California's state agriculture agency is throwing cold water on talk of a two-year delay in implementation of Proposition 12, an animal-confinement measure passed by voters in 2018, as a new university study predicts that pork prices will rise as a result of the law.

Beginning Jan. 1, the measure will require farms to add space for certain farm animals, including breeding pigs, or mother sows. in a state Department of Food and Agriculture hearing on Aug. 27, the North American Meat Institute and other farm organizations called for a moratorium on enforcement to allow those subject to the law time to comply.

“Until final rules issue, affected companies are ‘on hold’ with respect to what they must do to comply with Prop. 12 to avoid the risk of criminal prosecution,” NAMI chief executive officer Mark Dopp told the board. "For that reason alone equity demands the California Department of Food and Agriculture (CDFA) issue an enforcement moratorium lasting at least 28 months after final rules are published.” 

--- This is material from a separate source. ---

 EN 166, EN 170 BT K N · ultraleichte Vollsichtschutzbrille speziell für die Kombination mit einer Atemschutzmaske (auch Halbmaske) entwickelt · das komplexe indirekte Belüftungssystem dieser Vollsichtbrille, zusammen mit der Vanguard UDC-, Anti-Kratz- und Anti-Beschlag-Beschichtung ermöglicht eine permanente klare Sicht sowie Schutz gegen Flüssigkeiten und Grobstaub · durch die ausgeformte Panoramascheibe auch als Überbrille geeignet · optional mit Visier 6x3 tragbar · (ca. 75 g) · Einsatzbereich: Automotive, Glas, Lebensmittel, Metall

But such a delay isn't likely to happen, said Steve Lyle, CDFA's spokesman.

"CDFA does not have authority to change any of the deadlines set in statute," Lyle told Farm Press in an email.

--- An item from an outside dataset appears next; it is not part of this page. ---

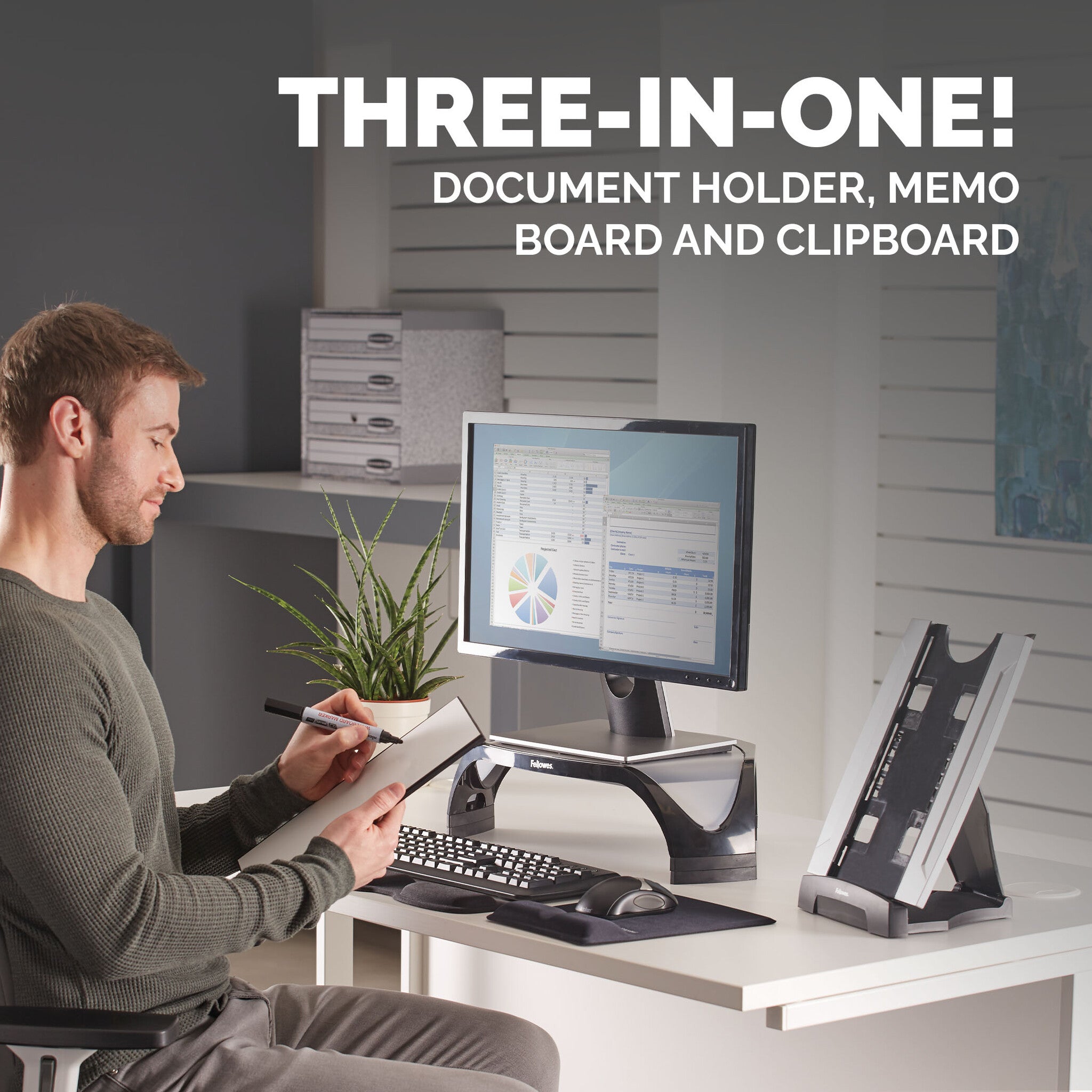 - Three-In-One Copyholder – document holder, memo board and clipboard

The hearing came as University of California, Davis economists estimated on Aug. 27 that California pork consumers will lose $320 million per year (roughly $8 per person) from the market impacts of Prop. 12. California consumers will pay about 8% more for pork regulated under Prop. 12 and will consume around 6% less of that pork per year, according to the study.

Additional space

“The roughly 9% of North American sows affected will each get about 20% more housing space," noted coauthor Richard Sexton, a UC Davis professor of agricultural and resource economics. "But, the additional space will be for those sows that already have more space, not those confined in small individual stalls.” 

The economists, who also included UC Agricultural Issues Center director Daniel Sumner and doctoral candidate Hanbin Lee, brushed aside ome pundits' warnings of upcoming bacon shortages and up to 60% higher pork prices.

Prop. 12 provisions require 24 square feet of moving room for each gestating sow. An estimated 99.8% of the pork consumed in California comes from out-of-state, creating a wide net of those impacted by the measure, which was approved overwhelmingly by voters. 

The added costs of 20% more space for group-housed sows destined for California, plus the costs of segregation, product tracing and new labeling, will cause the cost of regulated pork products in California to rise by 25 cents per pound, the economists estimate. They don't expect the price of pork outside of California to be affected.

Critics of the new law have suffered a string of losses in court. In the latest, a federal judge in Iowa on Aug. 23 dismissed a lawsuit filed by the Iowa Pork Producers Association and three Iowa pork producers in a challenge against California regulators. 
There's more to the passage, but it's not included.